Hua Yuansheng, Mou Lichao, Lin Jianzhe, Heidler Konrad, Zhu Xiao Xiang
Remote Sensing Technology Institute (IMF), German Aerospace Center (DLR), Oberpfaffenhofen, 82234 Wessling, Germany.
Data Science in Earth Observation (SiPEO), Technical University of Munich (TUM), Arcisstr. 21, 80333 Munich, Germany.
ISPRS J Photogramm Remote Sens. 2021 Jul;177:89-102. doi: 10.1016/j.isprsjprs.2021.04.006.
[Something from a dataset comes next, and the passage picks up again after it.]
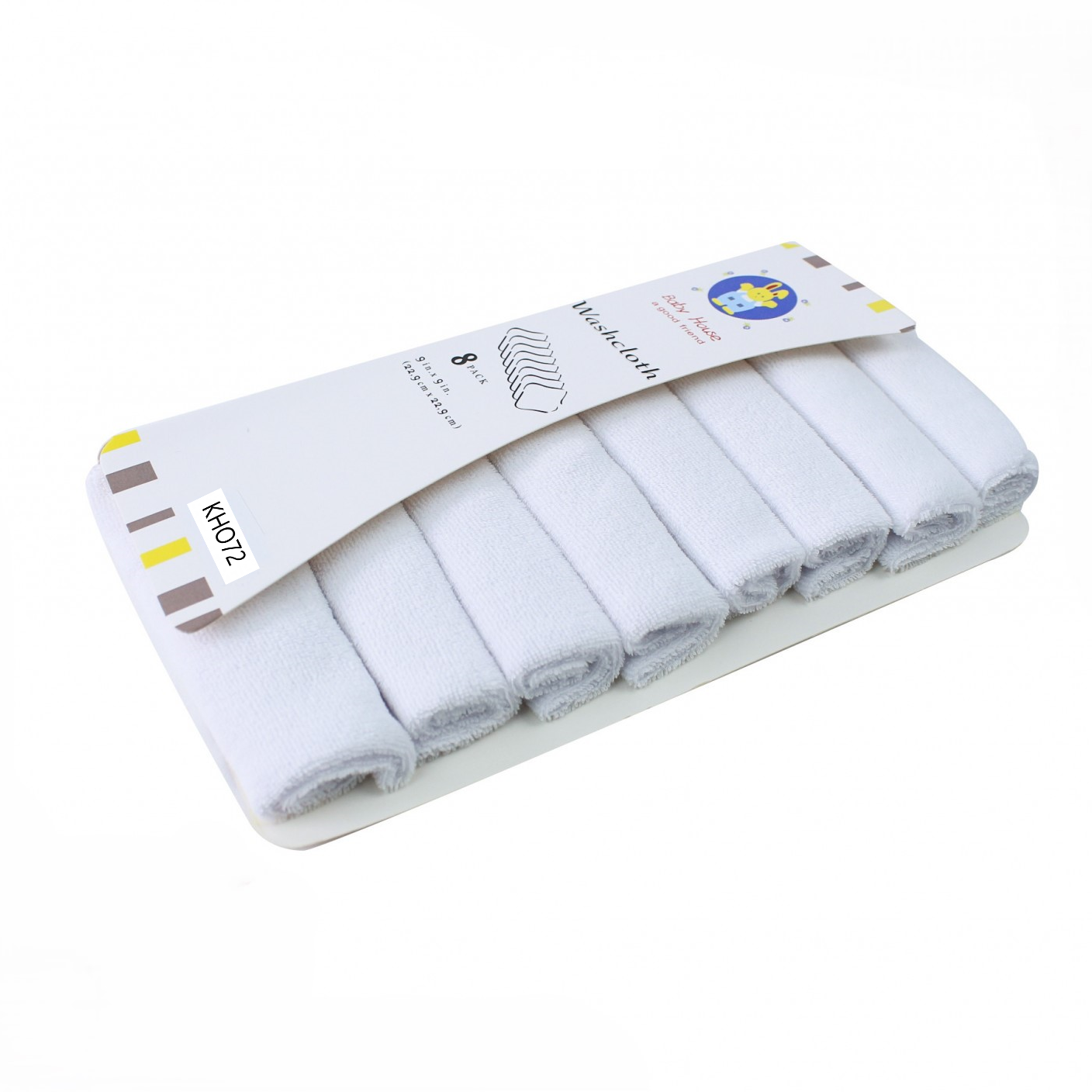 This pack of 8 Baby Washcloths is designed to be extra soft and gentle on your baby's delicate skin. Made from highly absorbent, ultra-soft fabric, these washcloths are perfect for bathing, wiping spills, or even as burp cloths. Their durable yet plush texture ensures long-lasting use while providing maximum comfort for your little one. Whether at home or on the go, these washcloths are an essential addition to your baby care routine.

Aerial scene recognition is a fundamental visual task and has attracted an increasing research interest in the last few years. Most of current researches mainly deploy efforts to categorize an aerial image into one scene-level label, while in real-world scenarios, there often exist multiple scenes in a single image. Therefore, in this paper, we propose to take a step forward to a more practical and challenging task, namely multi-scene recognition in single images. Moreover, we note that manually yielding annotations for such a task is extraordinarily time- and labor-consuming. To address this, we propose a prototype-based memory network to recognize multiple scenes in a single image by leveraging massive well-annotated single-scene images. The proposed network consists of three key components: 1) a prototype learning module, 2) a prototype-inhabiting external memory, and 3) a multi-head attention-based memory retrieval module. To be more specific, we first learn the prototype representation of each aerial scene from single-scene aerial image datasets and store it in an external memory. Afterwards, a multi-head attention-based memory retrieval module is devised to retrieve scene prototypes relevant to query multi-scene images for final predictions. Notably, only a limited number of annotated multi-scene images are needed in the training phase. To facilitate the progress of aerial scene recognition, we produce a new multi-scene aerial image (MAI) dataset. Experimental results on variant dataset configurations demonstrate the effectiveness of our network. Our dataset and codes are publicly available.
航空场景识别是一项基本的视觉任务,在过去几年中引起了越来越多的研究兴趣。当前的大多数研究主要致力于将航空图像分类为一个场景级标签,而在现实世界场景中,单个图像中通常存在多个场景。因此,在本文中,我们提出向前迈进一步,开展一项更具实用性和挑战性的任务,即单图像中的多场景识别。此外,我们注意到,手动生成此类任务的注释非常耗时且费力。为了解决这个问题,我们提出了一种基于原型的记忆网络,通过利用大量标注良好的单场景图像来识别单图像中的多个场景。所提出的网络由三个关键组件组成:1)一个原型学习模块,2)一个驻留原型的外部存储器,以及3)一个基于多头注意力的记忆检索模块。更具体地说,我们首先从单场景航空图像数据集中学习每个航空场景的原型表示,并将其存储在外部存储器中。之后,设计一个基于多头注意力的记忆检索模块,以检索与查询多场景图像相关的场景原型,用于最终预测。值得注意的是,在训练阶段只需要有限数量的标注多场景图像。为了促进航空场景识别的进展,我们生成了一个新的多场景航空图像(MAI)数据集。在不同数据集配置上的实验结果证明了我们网络的有效性。我们的数据集和代码已公开可用。